However, laughter yoga can feel pretty weird. At its most simple, you make laughter sounds until you laugh. The list of health benefits is huge, so it’s well worth it. The social, personal and spiritual opening that it brings is perhaps less well-charted. Initially it can feel horribly fake, and bring self consciousness. As I have become more practiced at it I notice how it brings a new level of playfulness, spontaneity, freedom, silliness and deep spiritual opening and connection.
To begin with, I took my sessions and training to spiritual fairs, most notably the Tree Of Life in Birmingham. These were a medley of the wise to the more flaky/cranky. I’m not sure where laughter yoga slotted in. I remember going to one meeting about ‘raising the vibration’, feeling tingles of enlightenment but not truly understanding what this might mean – and on the other hand being surrounded by ‘spiritual’ paraphernalia, ‘photograph your aura’, gurus with exceedingly unlikely names and new disciplines such as ‘face reading’ which after a day of delivering laughter sessions would have me absolutely howling with laughter.

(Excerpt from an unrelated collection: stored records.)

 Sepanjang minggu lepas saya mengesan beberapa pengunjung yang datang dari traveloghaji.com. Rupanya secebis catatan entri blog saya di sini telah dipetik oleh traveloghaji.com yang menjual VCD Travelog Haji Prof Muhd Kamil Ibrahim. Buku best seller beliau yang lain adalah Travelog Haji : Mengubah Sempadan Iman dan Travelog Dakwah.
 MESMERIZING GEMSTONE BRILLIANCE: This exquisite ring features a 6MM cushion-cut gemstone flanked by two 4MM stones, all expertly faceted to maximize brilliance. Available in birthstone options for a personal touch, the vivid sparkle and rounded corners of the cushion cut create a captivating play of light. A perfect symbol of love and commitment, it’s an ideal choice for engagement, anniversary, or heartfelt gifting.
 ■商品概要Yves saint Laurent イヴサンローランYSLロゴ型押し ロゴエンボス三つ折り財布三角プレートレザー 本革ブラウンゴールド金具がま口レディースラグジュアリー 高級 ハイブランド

I always struggled with the prescriptive structure of conventional Laughter Yoga sessions, and adored Joe Hoare‘s approach (laughter satsangs!) for that reason. When lockdown hit, a lovely friend and laughter colleague of mine Suzy Harvey contacted to say that she’d started online sessions, been overrun with demand and could I start some too? It was just the push I needed. She helped me with the technical side as well as suggesting a good length of session and time of the day. I am immensely grateful to her, it was brilliant. However I was still finding the structure a little inhibiting. It didn’t allow for the spontaneity and improvisation I wanted to explore.

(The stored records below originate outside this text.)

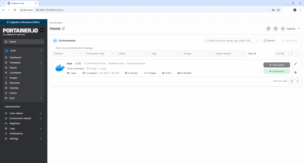Quá trình này sẽ hoàn tất trong vài giây. Portainer là một giao diện người dùng quản lý nhẹ cho phép bạn dễ dàng quản lý máy chủ Docker hoặc cụm Swarm của mình. Portainer được thiết kế để triển khai đơn giản như cách sử dụng. Nó bao gồm một container duy nhất có thể chạy trên bất kỳ công cụ Docker nào (Docker cho Linux, Docker cho Synology DSM và Docker cho Windows đều được hỗ trợ). Portainer cho phép bạn quản lý các Docker stacks, container, hình ảnh, ổ đĩa, mạng và nhiều hơn nữa! Nó tương thích với công cụ Docker độc lập và với Docker Swarm
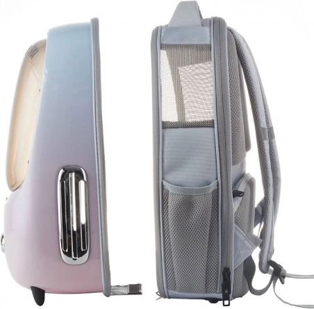 Plecak jest wyposażony w wyjmowaną poduszkę dla optymalnego komfortu zwierząt o wadze do 8 kg. Praktyczne boczne kieszenie pozwalają na przechowywanie drobnych akcesoriów. Produkt waży jedynie 1,4 kg, co czyni go lekkim i łatwym do przenoszenia dodatkiem.
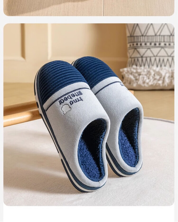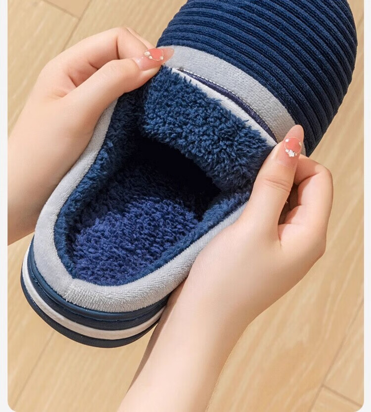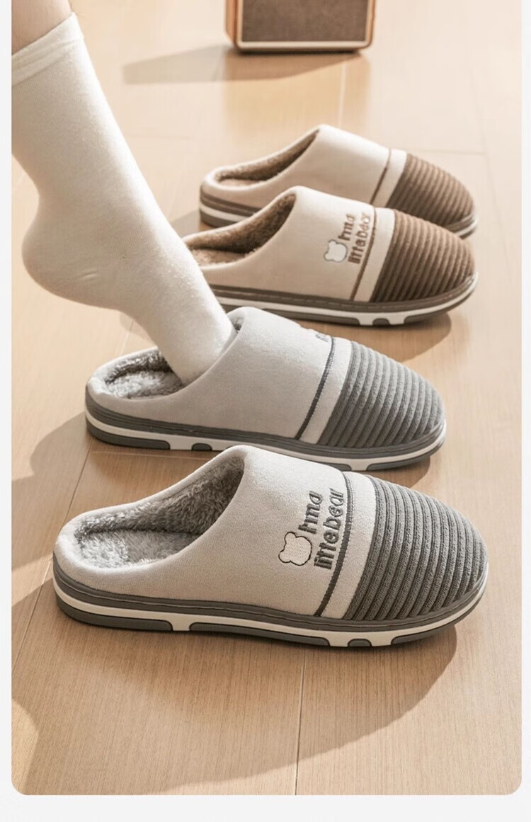 AILUKI日本拖鞋女新款室内居家用冬季保暖买一送一情侣PVC(聚氯乙烯) 粉白蝴蝶结+黑色条纹 36 _37码+40_41码
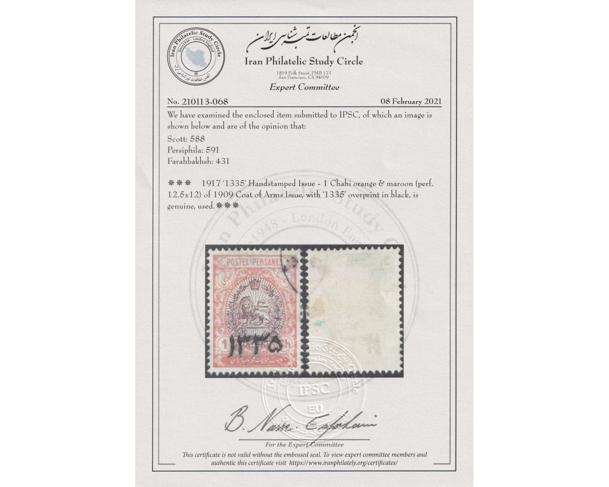 IPSC یک شاهی بارو چاپ ۱۳۳۵ هجری با سرتیفیکیت
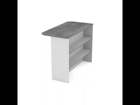 Barra de Cocina Diamante, Blanco y Cemento, con Dos Entrepaños

Over the last few weeks the sessions have developed beautifully. We start with centring and building awareness – just taking notice of the body and breath. Laughter yoga is all about the breathing – saturating the body with oxygen is how a plethora of health benefits arrive – and coming into a deep state of connection. Then we move into a gentle body warm up; approximately 5 minutes of free exploration and making laughter sounds. Almost everyone finds this a little daunting at first, although many class members have been there for a number of weeks now, and appear to have lost all self consciousness or confusion about the process. They simply do as they feel, or look to each other for inspiration. We then stop to breathe, reconnect, see how things are changing in the body, and then move into a loosely themed exercise, followed finally by the ‘laughter echo chamber!’ where whatever happens is echoed by others – in just the way that children copy one another in order to connect.
It has been an amazing journey. We are all growing in our ability to play. Everyone’s ‘inner child’ is invited during the session preamble, and I can feel my inner child taking life. Generally, children not only connect with ease, they are curious, loving, open, and effortlessly spontaneous. It feels incredible to dedicate a space to nurturing these qualities. Day by day I feel myself growing freer, lighter, more upbeat. Everything flooded with joy, silliness and light. My own children becoming my teachers. Raising the vibration.